- WHAT THE TASK ASKS -
Give the whole listing below once more, exactly, without pictures.
*** Opening MATERIAL PROVIDED ***
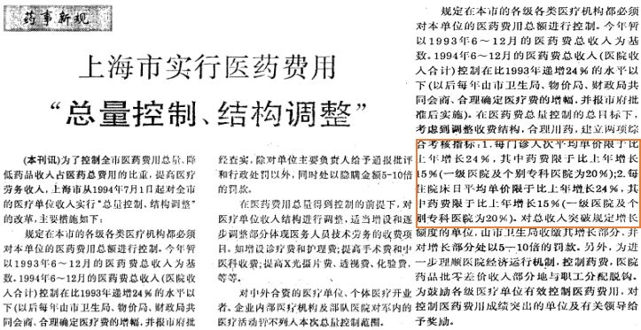 上海。1994年,上海推出“總量控制,結(jié)構(gòu)調(diào)整”政策,把控制藥品費(fèi)用比重作為改革的目標(biāo)之一作為提了出來。
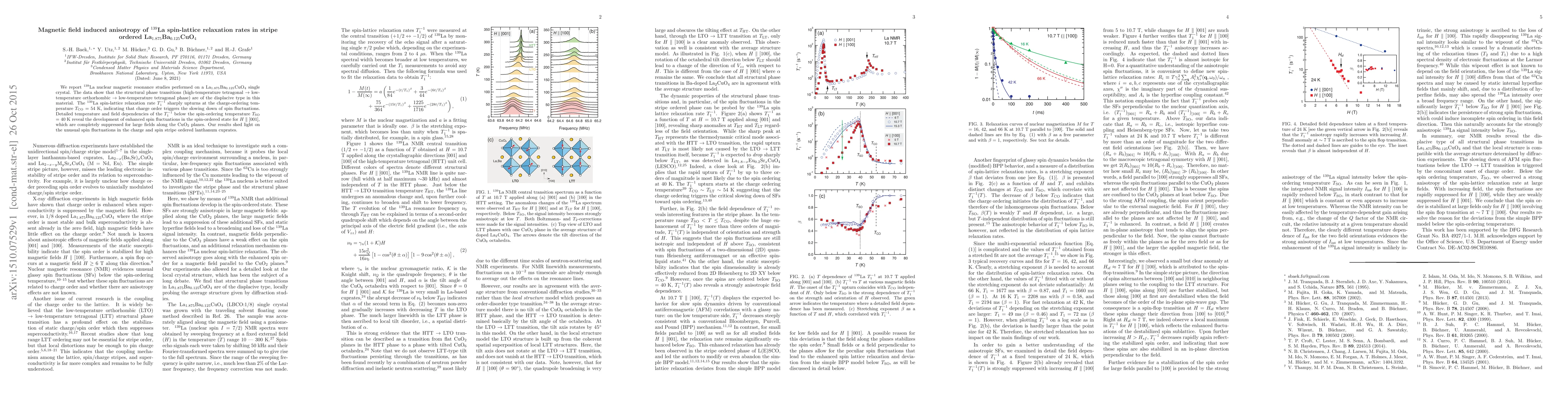 This study reveals how the $^{139}$La spin-lattice relaxation rate in La$_{1.875}$Ba$_{0.125}$CuO$_4$ is affected by magnetic fields and temperature, highlighting enhanced spin fluctuations in the spin-ordered state and their suppression under strong fields aligned with the CuO$_2$ planes. The findings suggest a complex interplay between charge order, spin fluctuations, and magnetic fields in lanthanum cuprates.
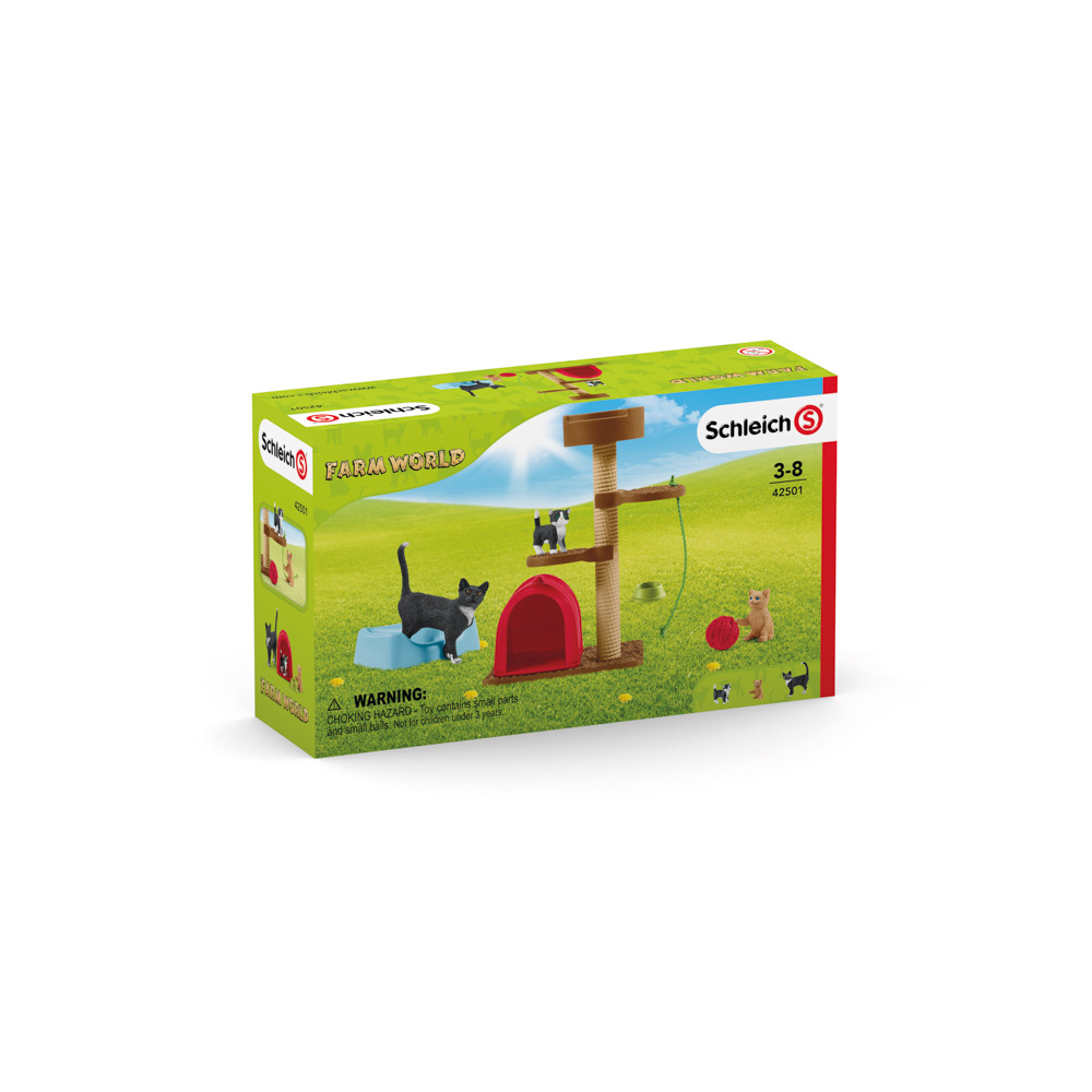 Ve hře „Hra roztomilých kočiček“ ze světa Schleich® Farm World si roztomilé kočky hrají s klubíčkem vlny, poskakují kolem svého škrabacího stromu, nebo se schovávají ve svém malém domečku. Potom si vždy odpočinou ve svém pelíšku. Škrabací strom lze nastavit dle aktuální potřeby kočiček. Schleich® figurky jsou všechny modelovány v nejjemnějším detailu, láskyplně malované a povzbuzují děti k tomu, aby hrály a zároveň se učily.
*** Closing MATERIAL PROVIDED ***
- REPLY TO THE EXERCISE -
 上海。1994年,上海推出“總量控制,結(jié)構(gòu)調(diào)整”政策,把控制藥品費(fèi)用比重作為改革的目標(biāo)之一作為提了出來。
 This study reveals how the $^{139}$La spin-lattice relaxation rate in La$_{1.875}$Ba$_{0.125}$CuO$_4$ is affected by magnetic fields and temperature, highlighting enhanced spin fluctuations in the spin-ordered state and their suppression under strong fields aligned with the CuO$_2$ planes. The findings suggest a complex interplay between charge order, spin fluctuations, and magnetic fields in lanthanum cuprates.
 Ve hře „Hra roztomilých kočiček“ ze světa Schleich® Farm World si roztomilé kočky hrají s klubíčkem vlny, poskakují kolem svého škrabacího stromu, nebo se schovávají ve svém malém domečku. Potom si vždy odpočinou ve svém pelíšku. Škrabací strom lze nastavit dle aktuální potřeby kočiček. Schleich® figurky jsou všechny modelovány v nejjemnějším detailu, láskyplně malované a povzbuzují děti k tomu, aby hrály a zároveň se učily.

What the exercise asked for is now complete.